Frustrated, I run my fingers through my hair before blowing out another breath. “I’m not the one trying to date her. You are. I’m giving you all the ammo I can think of to make that happen, but the ball is still in your court.”
He shakes his head. “That’s not how this works. Yes, I think all this info is a great start, but I’m still going to need your help.”
“Then you’re going to have to be more specific,” I bite out.
“How do I convince her to give me a chance?” he returns with just as much venom.
Apparently, I’m not the only one with a lack of patience for the day.
“I don’t know.
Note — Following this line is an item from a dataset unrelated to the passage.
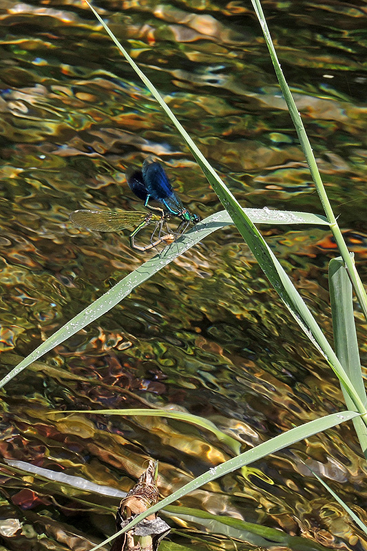 Das Weibchen vollendet daraufhin das Paarungsrad. Informationen zum Tier: Art: Gebänderte Prachtlibelle (Calopteryx splendens splendens). Verbreitung: Paläarktisch mit mehreren Unterarten vom Atlantik bis nach China, mit disjunkten Teilarealen. In Europa liegt das Verbreitungszentrum im Mittelmeerraum. Als limitierender Faktor gilt die 15 °- bzw. 16 °C-Juli-Isotherme. Regionale Verbreitung Alpen: Schwerpunktmässig in Niederungsgebieten wie Flussauen und Bachtälern. Lebensräume: Eher träge fliessende Mittel- und Unterläufe von Fliessgewässern mit hoher Besonnung und einer ausreichenden Verkrautung durch Wasser- und Uferpflanzen. Auch ähnlich strukturierte Gräben werden angenommen. Merkmale: Die Körperlänge beträgt etwa 50 mm, die Flügelspannweite zwischen 65 und 70 mm. Die Männchen haben einen schillernd dunkel-blaugrün gefärbten Körper. Die grünlich getönten, durchscheinenden Flügel weisen je eine breite, schwarzblaue Binde auf, die sowohl die Flügelbasis als auch deren Spitze auslässt. Die drei hintersten Segmente des Abdomens sind unterseits weiss. Die weniger auffälligen Weibchen sind metallisch grün bis bronzefarben und weisen grünlich getönte Flügel mit ebenso grünlichen Adern auf. Im ausgefärbten Zustand haben sie zudem ein weisses, falsches Flügelmal an jeder Flügelspitze. Lebensweise: Die Flugzeit der reifen Gebänderten Prachtlibellen dauert etwa von Mitte Mai bis Anfang September, mit einem Höhepunkt von Mitte Juni bis Anfang August. Am Fortpflanzungsgewässer sind sie nur bei Temperaturen von mindestens 16 °C aktiv. Tagsüber halten sie sich ab dem Morgen am Gewässer auf, während sie zur Nacht Ruheplätze aufsuchen. Diese liegen bei den Männchen 20 bis 40, bei den Weibchen bis zu 70 m vom Gewässer entfernt. Dabei handelt es sich um Bestände aus dichter krautiger Vegetation, etwa Röhrichte, ungemähte Wiesen oder auch Getreidefelder. Die Männchen beanspruchen entlang der Gewässer Reviere und zeigen ein ausgeprägtes Territorial- und Balzverhalten. Die Reviere sind im Mittel etwa bis 3 m lang und bis 1 m breit. Nahrung: Prachtlibellen sind Ansitzjäger. Die Larven fressen kleine Insektenlarven (Zuckmücken, Kriebelmücken, kleine Flohkrebse). Paarung: Fliegt ein Weibchen in das Territorium eines Männchens ein, beginnt dieses mit einer Balz. Es fliegt dem Weibchen mit auffälligem Schwirrflug entgegen und zeigt ihm mit hochgebogenem Abdomen sein weisses Schlusslicht. Auf diese Weise führt das Männchen das Weibchen zu einem Eiablageplatz. Dort umkreist es die Umworbene wieder mit seinem pendelnden Schwirrflug. Bleibt das Weibchen daraufhin weiter am Platz, setzt sich das Männchen auf die Flügel des Weibchens und koppelt sich mit seinen Hinterleibsanhängen in Libellenmanier bei ihm an. Es folgt die Kopulation, die im Mittel rund 2½ Minuten dauert. Danach löst sich das Paarungsrad wieder. In günstigen Revieren können pro Tag bis zu zehn Kopulationen mit verschiedenen Weibchen stattfinden. Ei: Nach einer Ruhephase beginnt das Weibchen mit der Eiablage, indem es 10 - 22 Eier pro Minute nahe der Wasseroberfläche in Wasserpflanzen einsticht. Dazu kann das Tier komplett untertauchen, wobei es dies stets mit dem Kopf voran tut. Das Männchen verteidigt derweil weiterhin sein Revier mittels drohend gespreizter Flügel und durch Anfliegen der Konkurrenten. Die Embryonalentwicklung bis zum Schlupf der Larven dauert in Mitteleuropa etwa 6 - 9 Wochen. Larve: Die Larven entwickeln sich über 10 bis 12 Stadien und werden bis zu 24 mm gross. Sie benötigen Unterwasservegetation, die in die Strömung ragt und ihnen guten Halt bietet. Typisch sind Aufenthaltsorte am Fuss von Bachröhrichten (Rohrglanzgras, Igelkolben) oder innerhalb von Beständen krautiger Tauchblattpflanzen (Wasserpest, Wasserstern, Flutender Wasserhahnenfuss). Hinsichtlich der Wassertiefe wird ein breites Spektrum von wenigen Zentimetern bis zu mehreren Dezimetern genutzt. Optimal sind im Larvalhabitat mittlere Sommertemperaturen von 16 bis 24 °C. Gegenüber Artgenossen verteidigen sie ihren Sitzplatz. Ihre Lebenszeit als Larve hängt von den Habitat- und Witterungsverhältnissen ab. In warmen Tieflandbächen und -gräben wird meist ein jährlicher Zyklus beobachtet, in kühleren Bächen eher eine zweijährige Entwicklungsdauer. Im Jahr vor der Metamorphose gehen die Larven im vorletzten oder letzten Larvenstadium in die Überwinterung. Imago: Am Ende ihrer Entwicklung erklettern die Larven Halme und andere vertikale Strukturen direkt am Gewässerufer, um sich dort in Höhen von 5 - 40 cm über der Wasserlinie zum Imago zu häuten. Dies geschieht in Mitteleuropa ab Ende April/Anfang Mai und dauert bis weit in den Juli, der Höhepunkt der Emergenz liegt zwischen Ende Mai und Mitte Juni. Der Schlupf selbst dauert etwas über eine Stunde. Die frisch geschlüpften Imagines schwärmen nach dem Aushärten in die Umgebung aus, wo sie sich auf Wiesen und an Waldrändern aufhalten und nach kleinen Insekten jagen. Innerhalb von 10 Tagen haben sie ihre Reifezeit abgeschlossen, wobei die Geschlechtsreife nach drei Tagen eintritt. Die nun ausgefärbten und erwachsenen Tiere kehren ans Schlupfgewässer zurück. Lebenserwartung: Durchschnittlich etwas über 2 Wochen. Markierte Weibchen konnten aber auch bis zu 50 Tage, Männchen maximal noch nach 69 Tagen wiedergefunden werden. Feinde: Die Larven im Wasser und zur Eiablage untertauchende Weibchen werden von Fischen und von räuberischen Insekten wie Rückenschwimmern, Wasserläufern, grösseren Libellenlarven sowie Gelbrandkäfern und deren Larven erbeutet. An Gewässern lebende Vögel wie Reiher, Störche, Eisvögel, Enten und diverse Singvögel jagen Libellenlarven. Die Imagines werden von vielen Singvögeln (Bach- und Gebirgsstelzen, Grasmücken, Schwalben), aber auch von grösseren Vogelarten sowie von Grosslibellen und Spinnen erbeutet. |

Right now, she’s pissed at me too.”
Pulling away, Conner takes another bite of his sandwich after asking, “And why’s that?”
“Because I asked her if….” For some reason, divulging the fact that my best friend has never been kissed seems like crossing a line. “I asked her if she was seeing anyone.”
“You didn’t know if she was single?”
“I assumed, but we don’t really talk about our love lives.”
“Why?”
Because she doesn’t want to hear about mine, and I never bothered to ask about hers, I think to myself, feeling like a dick for being so self-absorbed. Still, the thought of her being with someone makes my nose wrinkle, so maybe it’s self-preservation more than self-absorption. Or maybe I’m just trying to make myself feel better, and that I’m not really a shitty friend.